Terminology

Pressure

The pressure in molecular dynamics can be computed from the kinetic energy and the virial.

Fluctuation

Whether or not pressure coupling is used within a simulation, the pressure value for the simulation box will oscillate significantly. Instantaneous pressure is meaningless, and not well-defined. Over a picosecond time scale it usually will not be a good indicator of the true pressure. This variation is entirely normal due to the fact that pressure is a macroscopic property and can only be measured properly as time average, while it is being measured and/or adjusted with pressure coupling on the microscopic scale. How much it varies and the speed at which it does depends on the number of atoms in the system, the type of pressure coupling used and the value of the coupling constants. Fluctuations of the order of hundreds of bar are typical. For a box of 216 waters, fluctuations of 500-600 bar are standard.

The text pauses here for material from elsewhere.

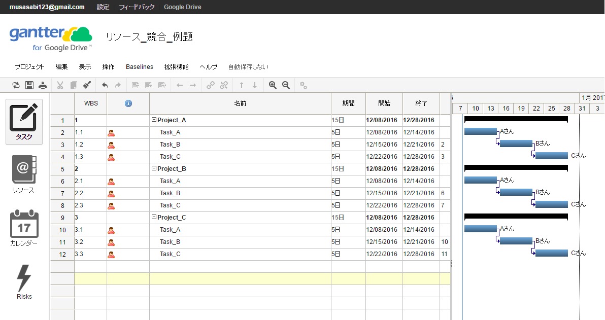 この様に、リソースが競合しても競合を回避してくれる機能というのは無償のプロジェクト管理ツールでは珍しい機能であるといえます。(12/08/2016・現在)
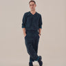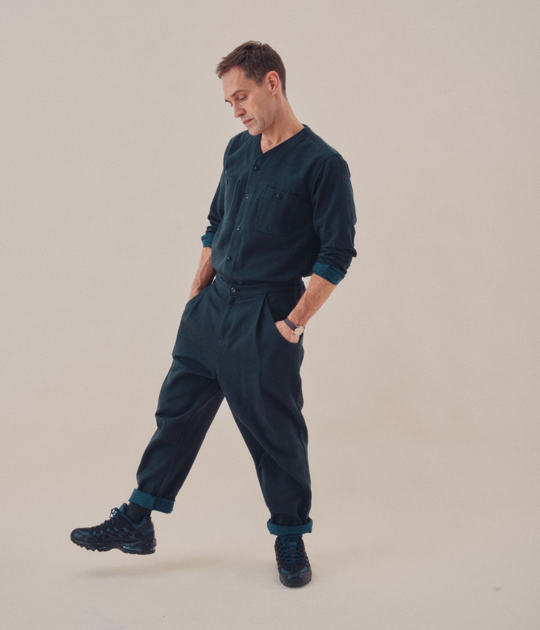 The Nico Pant is a new development. Built to combine a tailored look with an easy comfortable fit. Deep pleats at front with a long rise. Elastic waistband at back. Tuck pleats at Interior knee for some shaping at the leg with a full thigh and tapered leg.

Since the fluctuations go down with the square root of the number of particles, a system of 21600 water molecules (100 times larger) will still have pressure fluctuations of 50-60 bar.

Periodic boundary conditions

Periodic boundary conditions (PBC) are used in molecular dynamics simulations to avoid problems with boundary effects caused by finite size, and make the system more like an infinite one, at the cost of possible periodicity effects.

Beginners visualizing a trajectory sometimes think they are observing a problem when

  • the molecule(s) does not stay in the centre of the box, or
  • it appears that (parts of) the molecule(s) diffuse out of the box, or
  • holes are created, or
  • broken molecules appear, or
  • their unit cell was a rhombic dodecahedron or cubic octahedron but it looks like a slanted cube after the simulation, or
  • crazy bonds all across the simulation cell appear.

This is not a problem or error that is occuring, it is what you should expect.

The existence of PBC means that any atom that leaves a simulation box by, say, the right-hand face, then enters the simulation box by the left-hand face. In the example of a large protein, if you look at the face of the simulation box that is opposite to the one from which the protein is protruding, then a hole in the solvent will be visible. The reason that the molecule(s) move from where they were initially located within the box is (for the vast majority of simulations) they are free to diffuse around. And so they do. They are not held in a magic location of the box. The box is not centered around anything while performing the simulation. Molecules are not made whole as a matter of course. Moreover, any periodic cell shape can be expressed as a parallelepiped (a.k.a. triclinic cell), and GROMACS does so internally regardless of the initial shape of the box.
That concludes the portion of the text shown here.